ELAINE 1 was a clinical trial testing the SERM, selective estrogen receptor modulator, lasofoxifene versus fulvestrant in women with ESR1 mutated metastatic breast cancer who had progressed on an aromatase inhibitor and a CDK4/6 inhibitor. The background here is that these ESR1 mutations are common, they’re one of the most common mechanisms of resistance in the metastatic setting for ER positive/HER2 negative breast cancer and they typically arise in the setting of aromatase inhibitors. They’ve also been seen to arise in the setting of aromatase inhibitors plus palbociclib and other CDK4/6 inhibitors. So they certainly are a viable target, they’re associated with a worse prognosis, that is metastases and worse overall survival.

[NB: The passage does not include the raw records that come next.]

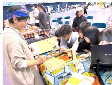
（モルディブブースにて）

令和7年11月30日（日）、アスティ徳島で開催された「お仕事体験イベント」に、JICA徳島も参加しました。当日は、JICA海外協力隊経験者（徳島県青年海外協力協会）のボランティアスタッフとともに運営し、子どもたちに「協力隊体験」をしてもらいました。まずJICAの概要を紹介した後、2つのグループに分かれて「モルディブ体験」と「ニカラグア体験」を実施しました。モルディブ体験では、モルディブの文化や言葉を学んだ後、「モルディブの幼稚園児に楽しく言葉を教えるには？」というテーマでワークショップを行いました。子どもたちからは「カルタにしたらどう？」「リズムに合わせてみたらどうかな？」といった意見が出され、みんなで実際に試しました。ニカラグア体験では、ニカラグアの文化やスペイン語の簡単なテストを行った後、「サッカーをしたいけどボールがない。どうする？」というテーマでワークショップを実施しました。あるもので工夫し、作り出す体験してもらい、協力隊の醍醐味である「考えて、作り出す」を体感してもらえたと思います。スタッフ一同とても楽しい時間を過ごしました。またお会いできるのを楽しみにしています！
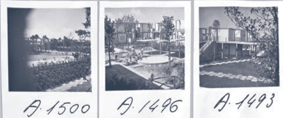
A. 1500 A. 1496 A. 1493
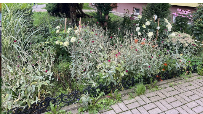
Ul. Krótka 5B
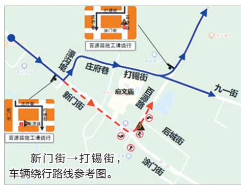
新门街→打锡街,车辆绕行路线参考图。

早报讯(融媒体记者傅恒 通讯员傅振锋 文/图)记者从鲤城交警大队获悉,鉴于古城片区排口整治工程需要,泉州水务工程建设集团有限公司拟对百源路进行路面开挖安装污水智能分流井,为确保工程期间道路交通安全,1月11日0时至2月4日24时,交警部门将对施工道路实施交通限制措施。届时,百源路(涂门街至后城街路段)实行机动车自北向南单向通行,途经车辆请注意绕行。
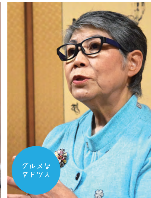
グルメな タドツ人
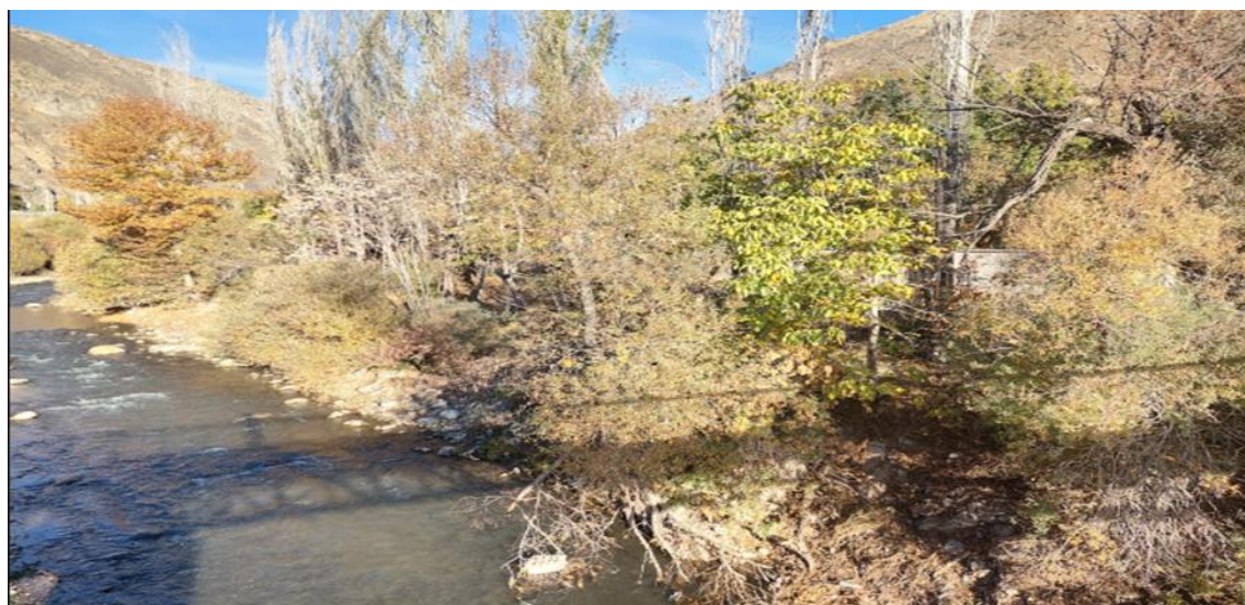
شکل ۳. محافظت سطحی کرانه توسط پوشش گیاهی و ریشه درختان

A very important study to look at whether, in this case, a novel endocrine agent, in this case a SERM, lasofoxifene, could effectively target these ESR1 mutations and also whether that might lead to some clinical improvement. This trial tested lasofoxifene and compared it to fulvestrant. In the overall trial there were over 200 patients screened, 100 patients randomised and the results demonstrated that the median progression free survival of lasofoxifene was a bit over 6 months whereas for fulvestrant it was 4 months. This was not statistically significant but certainly there was a suggestion here that the drug may have a benefit.

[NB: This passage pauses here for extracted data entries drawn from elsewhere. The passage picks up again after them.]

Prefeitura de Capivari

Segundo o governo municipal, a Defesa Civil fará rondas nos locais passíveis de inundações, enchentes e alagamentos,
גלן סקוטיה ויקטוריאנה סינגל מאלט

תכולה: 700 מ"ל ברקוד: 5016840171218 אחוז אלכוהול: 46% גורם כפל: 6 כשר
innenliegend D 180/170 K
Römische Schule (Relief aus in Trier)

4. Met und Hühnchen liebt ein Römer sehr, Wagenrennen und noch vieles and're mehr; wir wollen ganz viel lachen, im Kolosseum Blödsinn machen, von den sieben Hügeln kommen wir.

If we also look at response rates, again we saw higher response rates with lasofoxifene, over 13%, versus not quite 3% with fulvestrant. Again, not meeting statistical significance but really again suggesting that there is clearly a signal that this drug has activity.

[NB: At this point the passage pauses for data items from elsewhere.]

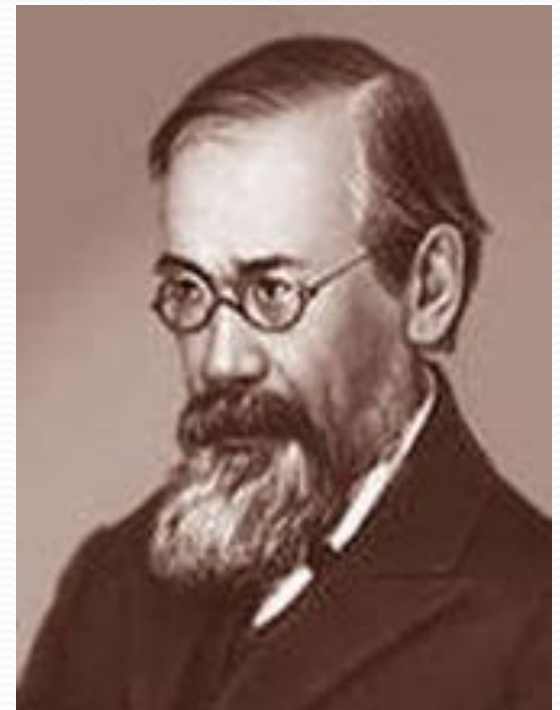
Василий Осипович Ключевской (1841 – 1911)
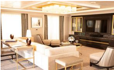
REGENT SUITE (412 SQM)
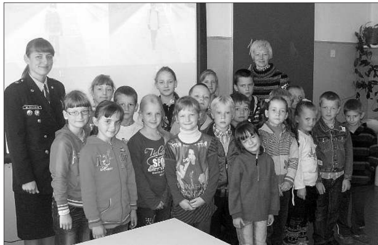
1.-3.klases skolēnu tikšanās ar policijas darbiniekiem

Notika arī individuālās sarunas ar jaunajiem satiksmes dalībniekiem – mopēdu vadītājiem, infor-
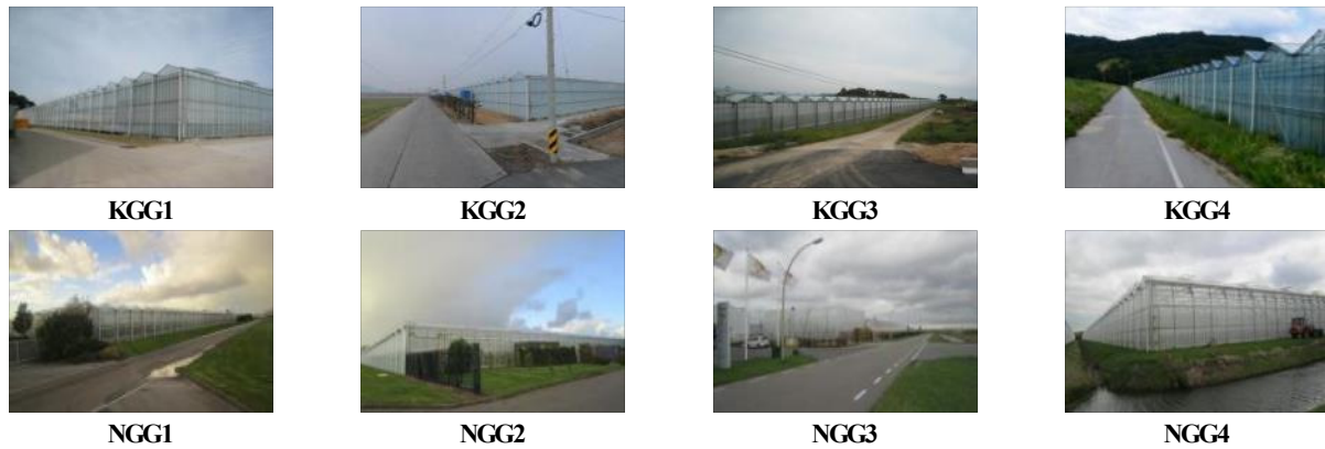
Figure 1. The image slide of study sites

PF: Paddy field, KVG: Korea Vinyl Greenhouse, JVG: Japan Vinyl Greenhouse, KGG: Korea Glass Greenhouse, NGG: Netherlands Glass Greenhouse.
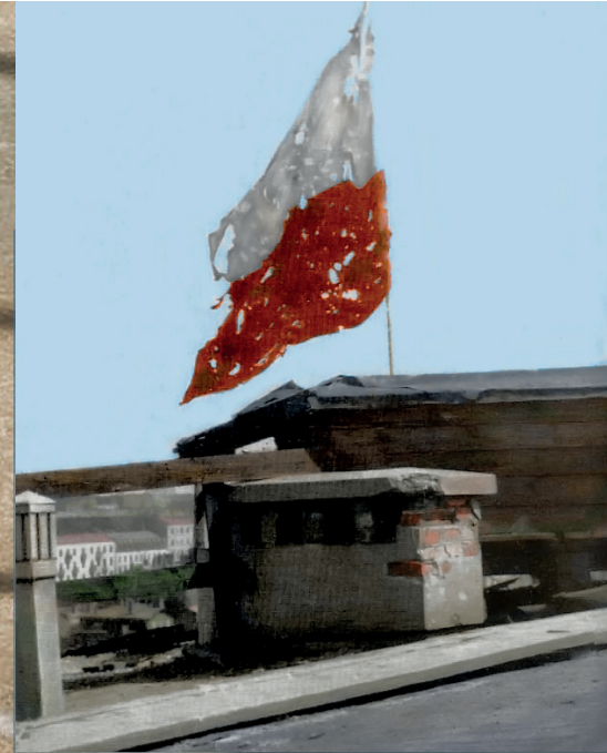
Flaga z przestrzelinami na dachu Domu Turysty przy pl. Starynkiewicza w ostatnich dniach Powstania.

(Andrzej Janicki ps. „Żuliński”, dowódca plutonu w kompanii „Warszawianka” Zgrupowania „Chrobry II” AK)
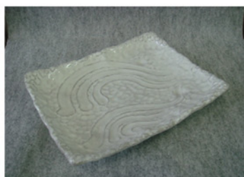
173 81-140107 在庫28 白釉10号足付長角皿 ¥1,500 30.7×24.7×5cm
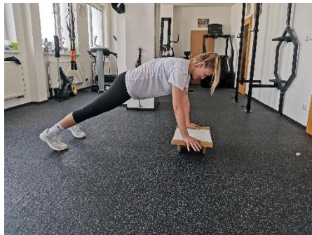
Obrázek 62. Cvik 35 - výchozí pozice.

Poznámka: dolní končetiny mírně od sebe kvůli stabilitě.
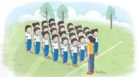
Tập hợp 4 hàng dọc
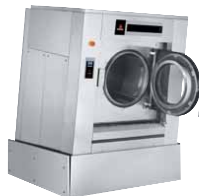
Vyklopení VPŘED: vyjímání prádla
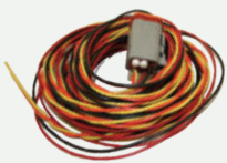
Arnés de Cable
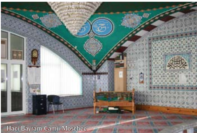
Haci Bayram Camii Moschee

Die Kosten für die Busfahrt betragen 6 Euro pro Person. Anmeldung und nähere Informationen bei der Geschäftsstelle der Katholischen Erwachsenenbildung, Tel: 08441/6815.

So probably one of the most provocative findings, from my standpoint, was the finding as it relates to the ESR1 mutants that we were actually following in the bloodstream. Again, patients in order to be eligible for the trial had a ctDNA blood test that allowed us to detect these ESR1 mutants. Then we simply asked did these mutants decrease or go away in the bloodstream with the addition of lasofoxifene. When we compared lasofoxifene and fulvestrant as it relates to these mutants, what we saw is that there was a greater decrease with lasofoxifene compared to fulvestrant. Probably one of the most interesting findings to me was the Y537S alteration, which was a stratification factor in this trial. This is a difficult to treat ESR1 mutation, probably one of the more difficult ones to treat. What we saw was that lasofoxifene had clearly an on-target effect; it decreased the mutant allele fraction substantially for the Y537S. Interesting, with fulvestrant it actually increased with the Y537S. So that tells us that the drug is clearly having a pharmacodynamics on-target effect.
Where we go from here now is certainly this trial was not powered satisfactorily to be able to see a 2-3 month difference so a larger trial would be needed. But where we’re really going with this drug is in combination therapy. There was another trial presented at the American Society of Clinical Oncology meeting earlier this year and that was the ELAINE 2 trial. In the ELAINE 2 trial these were women with ESR1 mutated metastatic breast cancer, progressed on CDK4/6 inhibitor, many of them progressed on chemotherapy. They received the combination in a single arm of abemaciclib along with lasofoxifene. What was seen in that trial was, again a relatively small population, an impressive 50% response rate and a median progression free survival of almost 14 months.
So it looks to us that it’s clearly important to target these ESR1 mutants but it may not be enough – we’re going to need to use a combination therapy along with the endocrine therapy.